In spring 2007, the U.S. government decided to continue its ban on in-flight mobile phone use. An FAA spokesman said the agency was reacting to public fears that the signals given off by cell phone might interfere with plane controls.

Those fears might be well founded. The Telegraph reported that the British Civil Aviation Authority found up to 20 incidents between 2000 and 2005 where aircraft malfunction was related to mobile phone use.

Still, the European Aviation Safety Agency recently gave approval to OnAir to begin providing in-flight mobile phone service. The company's system uses phones that are less powerful than traditional cell phones aimed at avoiding such control interference.
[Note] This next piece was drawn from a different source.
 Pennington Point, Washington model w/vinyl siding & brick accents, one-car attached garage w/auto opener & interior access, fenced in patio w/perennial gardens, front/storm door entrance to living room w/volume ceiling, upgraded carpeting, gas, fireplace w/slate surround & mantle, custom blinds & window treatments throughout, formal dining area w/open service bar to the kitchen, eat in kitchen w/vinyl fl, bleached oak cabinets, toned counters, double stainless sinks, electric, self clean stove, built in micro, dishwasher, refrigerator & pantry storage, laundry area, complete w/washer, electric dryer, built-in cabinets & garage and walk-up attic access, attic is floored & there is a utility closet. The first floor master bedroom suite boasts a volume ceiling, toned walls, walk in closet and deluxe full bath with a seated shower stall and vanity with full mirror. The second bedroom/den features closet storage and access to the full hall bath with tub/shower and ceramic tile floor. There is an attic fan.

Many European air carriers plan to use mobile phones in aircraft. But the topic remains controversial, according to the Telegraph article.

The FCC bans the use of cell phones using the common 800 megahertz frequency, as well as other wireless devices, because of potential interference with the wireless network on the ground. This interference happens as the planes, traveling several hundred miles per hour, leave one "cell" of mobile phone towers and enter a new one quickly.
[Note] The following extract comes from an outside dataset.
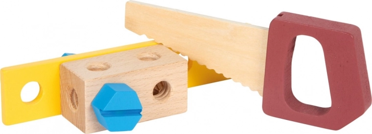 Marteau, clé, tournevis, pince et scie en bois de qualité favorisent le jeu de rôle et apprennent aux enfants des compétences de base de façon ludique.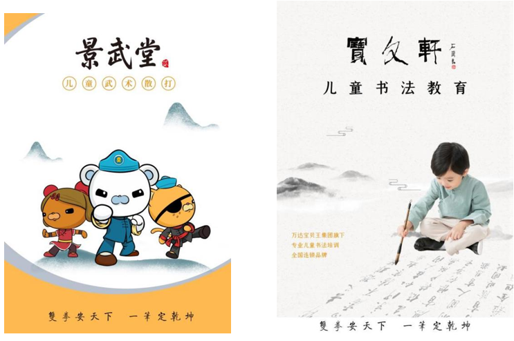 万达宝贝王集团一直是国内儿童行业的领军企业,本次新推出的景武堂、宝文轩两个文体品牌,是宝贝王布局儿童文体赛道推出的全新品牌。“双拳安天下、一笔定乾坤”的品牌口号,很好地诠释了两个品牌的品牌理念:景武堂以健体防身为目的,让孩子通过武术培训强身健体的同时,更培养孩子的勇毅品格与家国情怀;宝文轩以书法技能与文化素养双修为目标,让孩子从书法爱上文化艺术,并获得一个终生受益的特长。

The phones -- as well as any portable electronic devices such as iPods or portable radios -- also might interfere with the aircraft's navigation and communication systems. Therefore, the FCC bans their use during a flight.

Cell phones are a special concern in that they're specifically designed to send out signals strong enough to be received at a distance.

The FCC, however, has approved rules that allow in-flight voice and data services, such as broadband Web service, that use dedicated frequencies previously used by services such as Airfone.

An FAA fact sheet on the subject stated the agency's main fear is the unknown. The signals cell phones and other devices give off might effect critical aircraft systems over time. The FAA regulations prohibit most devices, though they specifically exempt voice recorders, hearing aids, heart pacemakers and a few others.

In general, however, the FAA advises airlines that most personal electronic devices are safe to operate over 10,000 feet. This is mainly because any potential interference would be a more serious problem at a lower altitude.

In some cell phones, users can operate in "airplane mode," which disables the phone's transmitter but enables the passenger to use other functions, such as its calendar or games.